* Action item *
Below this line are records; write out exactly the lines from the one containing "Solid Sterling Silver" through the one containing "鍋に水200ml、粉寒天を入", with the pictures left out.

==== Supplied records ====

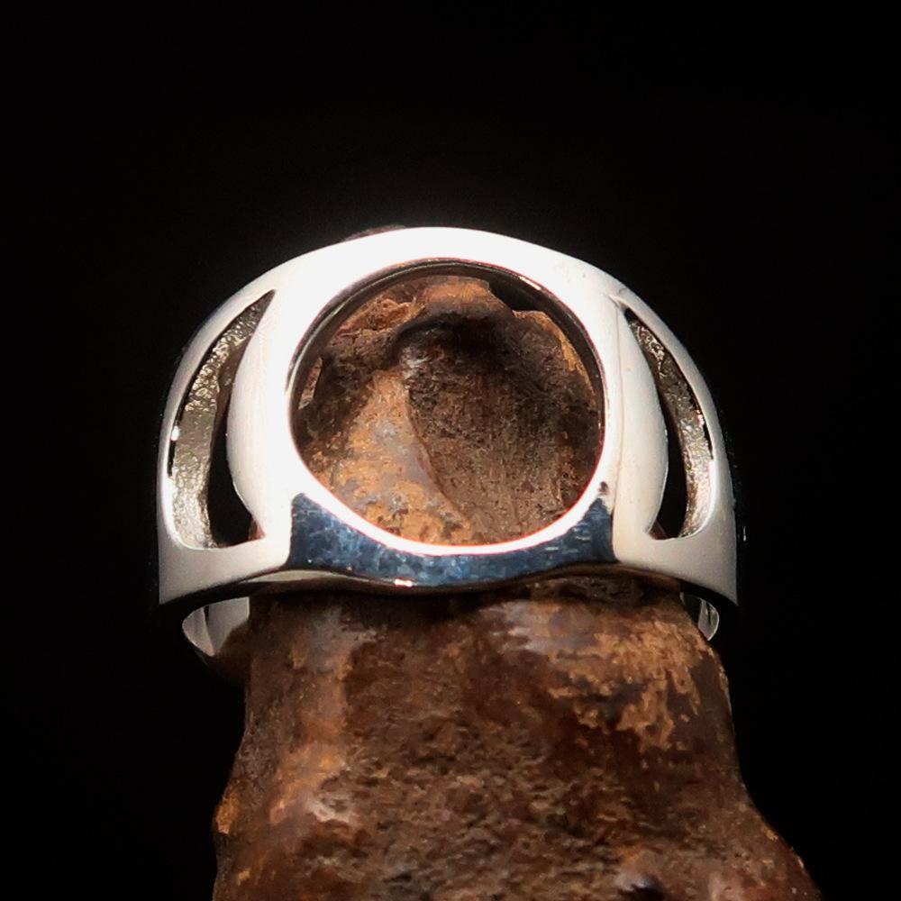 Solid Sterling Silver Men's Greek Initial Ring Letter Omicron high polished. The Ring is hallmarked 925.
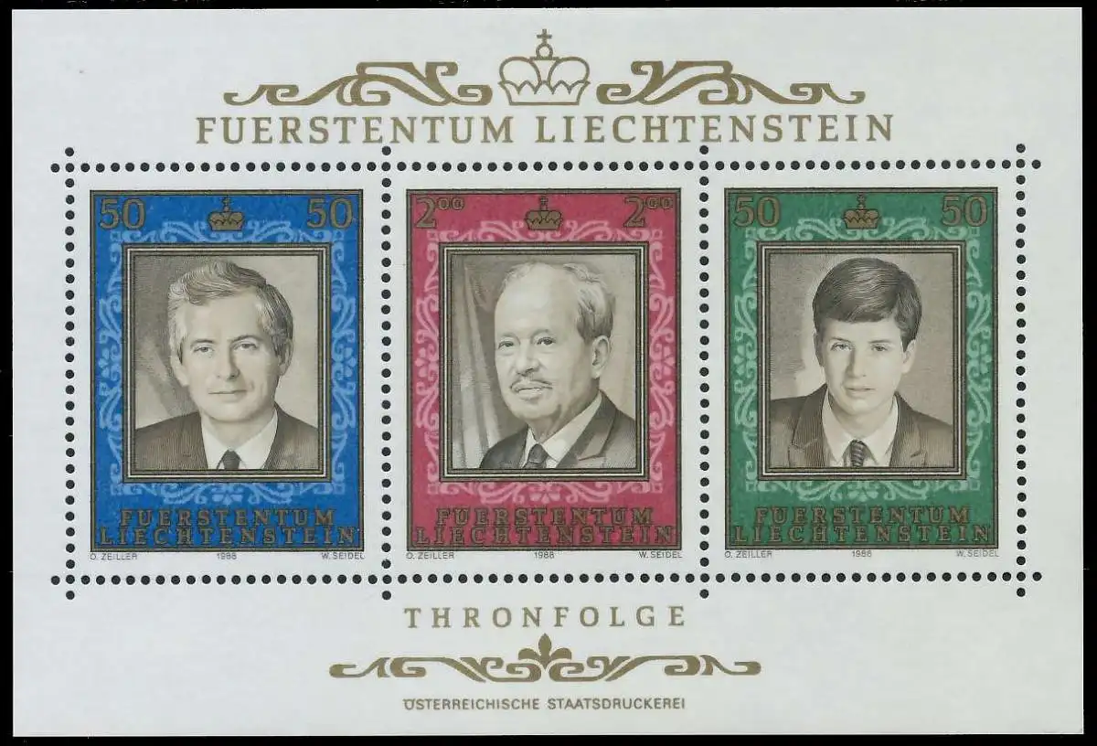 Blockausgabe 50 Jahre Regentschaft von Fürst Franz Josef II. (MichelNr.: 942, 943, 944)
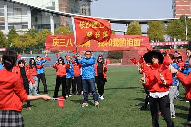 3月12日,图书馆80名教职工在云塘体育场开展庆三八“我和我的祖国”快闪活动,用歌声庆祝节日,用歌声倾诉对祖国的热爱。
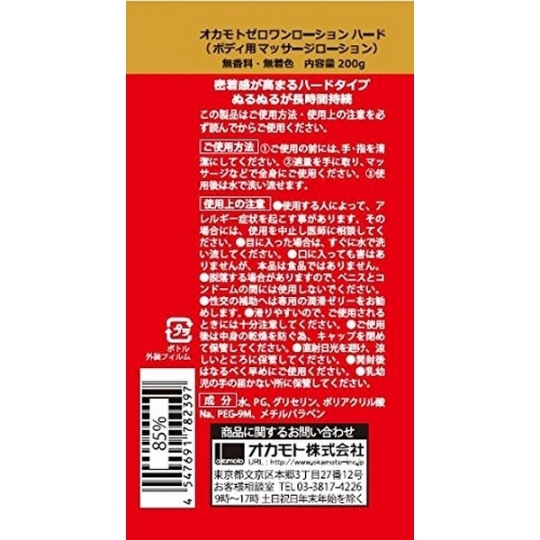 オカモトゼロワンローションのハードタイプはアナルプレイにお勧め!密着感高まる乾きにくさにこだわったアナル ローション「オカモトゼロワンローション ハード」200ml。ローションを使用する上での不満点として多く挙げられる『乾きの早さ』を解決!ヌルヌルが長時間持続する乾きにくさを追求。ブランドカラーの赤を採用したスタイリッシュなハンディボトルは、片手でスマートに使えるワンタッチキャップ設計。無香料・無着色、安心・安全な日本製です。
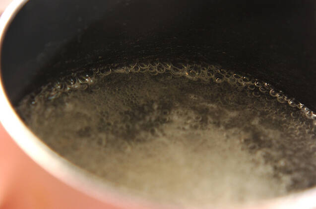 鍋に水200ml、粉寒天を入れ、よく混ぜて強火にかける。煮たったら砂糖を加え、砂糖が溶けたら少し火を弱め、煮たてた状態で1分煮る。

====
==== Supplied records ====

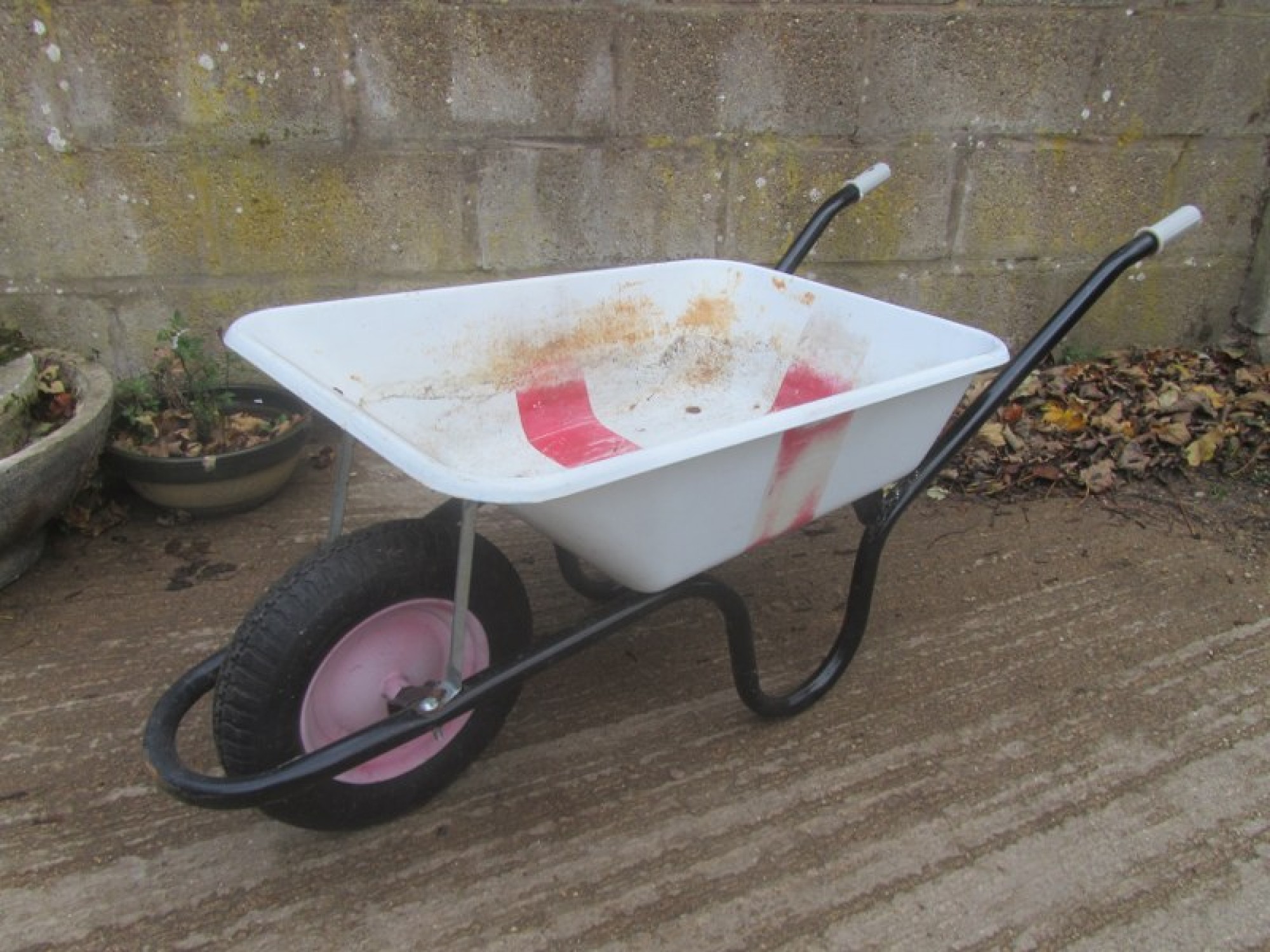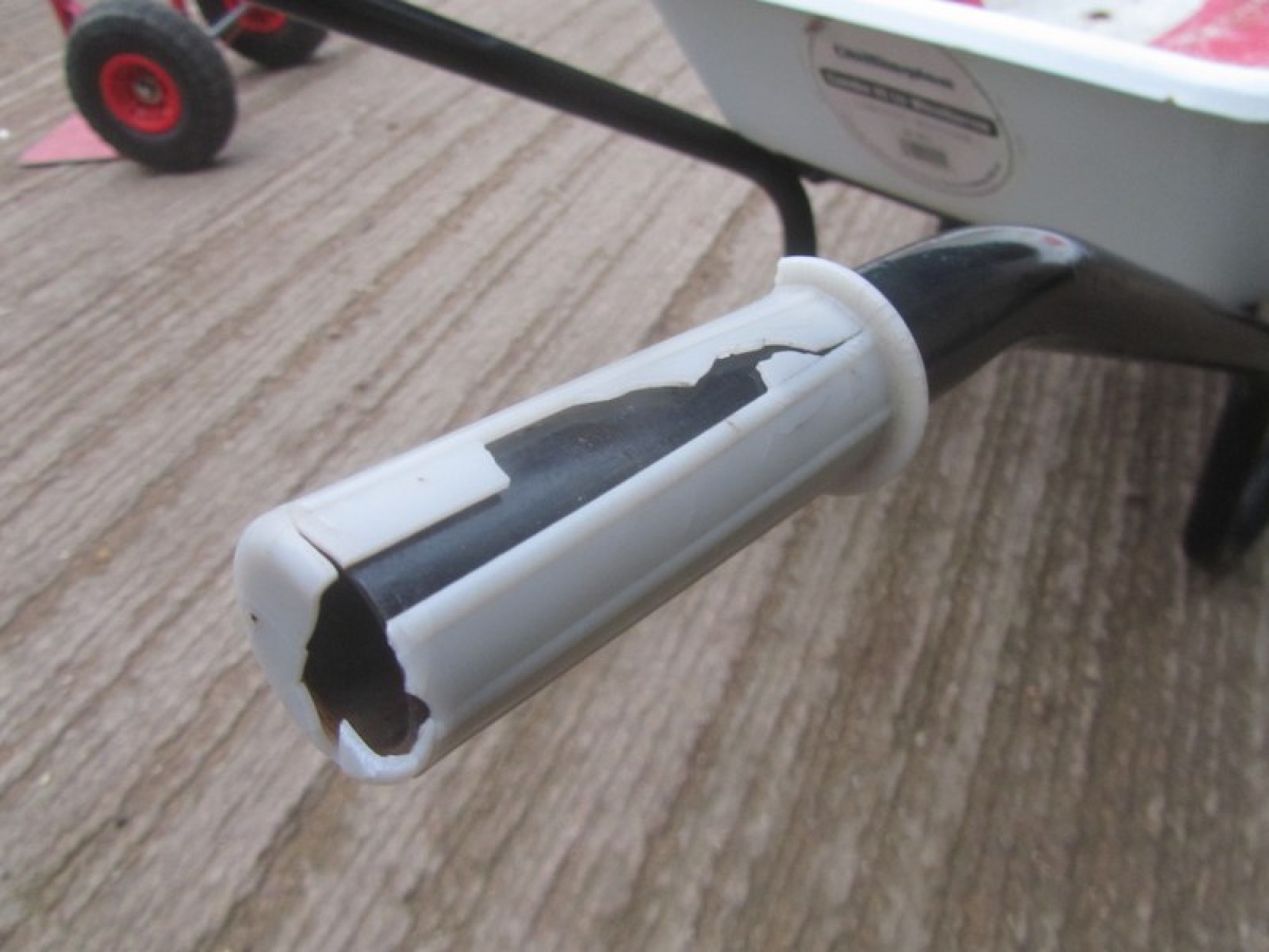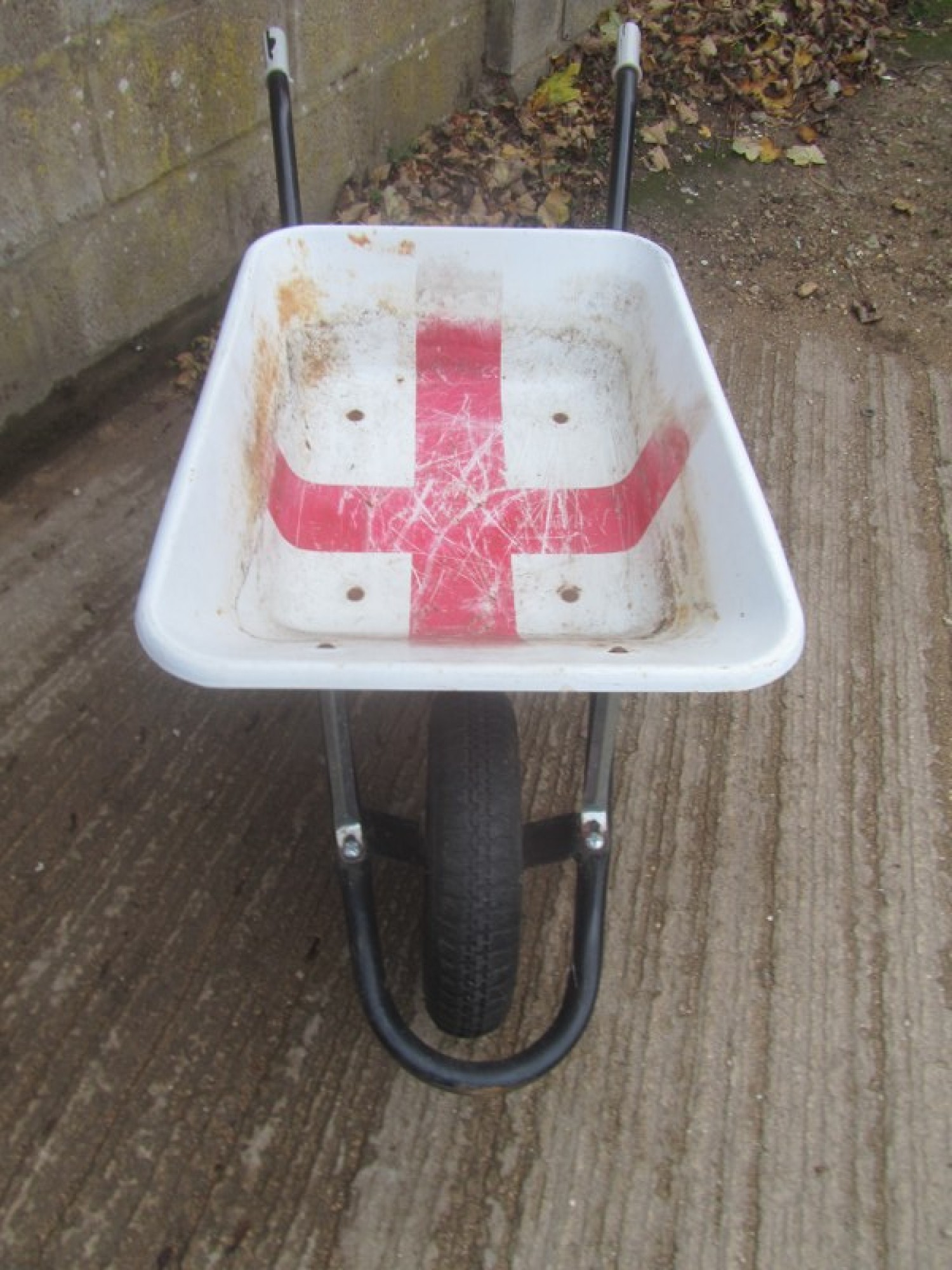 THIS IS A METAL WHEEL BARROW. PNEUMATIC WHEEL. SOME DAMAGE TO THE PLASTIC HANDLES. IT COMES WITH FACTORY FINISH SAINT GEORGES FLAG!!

====

* Result *
 Solid Sterling Silver Men's Greek Initial Ring Letter Omicron high polished. The Ring is hallmarked 925.
 Blockausgabe 50 Jahre Regentschaft von Fürst Franz Josef II. (MichelNr.: 942, 943, 944)
 3月12日,图书馆80名教职工在云塘体育场开展庆三八“我和我的祖国”快闪活动,用歌声庆祝节日,用歌声倾诉对祖国的热爱。
 オカモトゼロワンローションのハードタイプはアナルプレイにお勧め!密着感高まる乾きにくさにこだわったアナル ローション「オカモトゼロワンローション ハード」200ml。ローションを使用する上での不満点として多く挙げられる『乾きの早さ』を解決!ヌルヌルが長時間持続する乾きにくさを追求。ブランドカラーの赤を採用したスタイリッシュなハンディボトルは、片手でスマートに使えるワンタッチキャップ設計。無香料・無着色、安心・安全な日本製です。
 鍋に水200ml、粉寒天を入れ、よく混ぜて強火にかける。煮たったら砂糖を加え、砂糖が溶けたら少し火を弱め、煮たてた状態で1分煮る。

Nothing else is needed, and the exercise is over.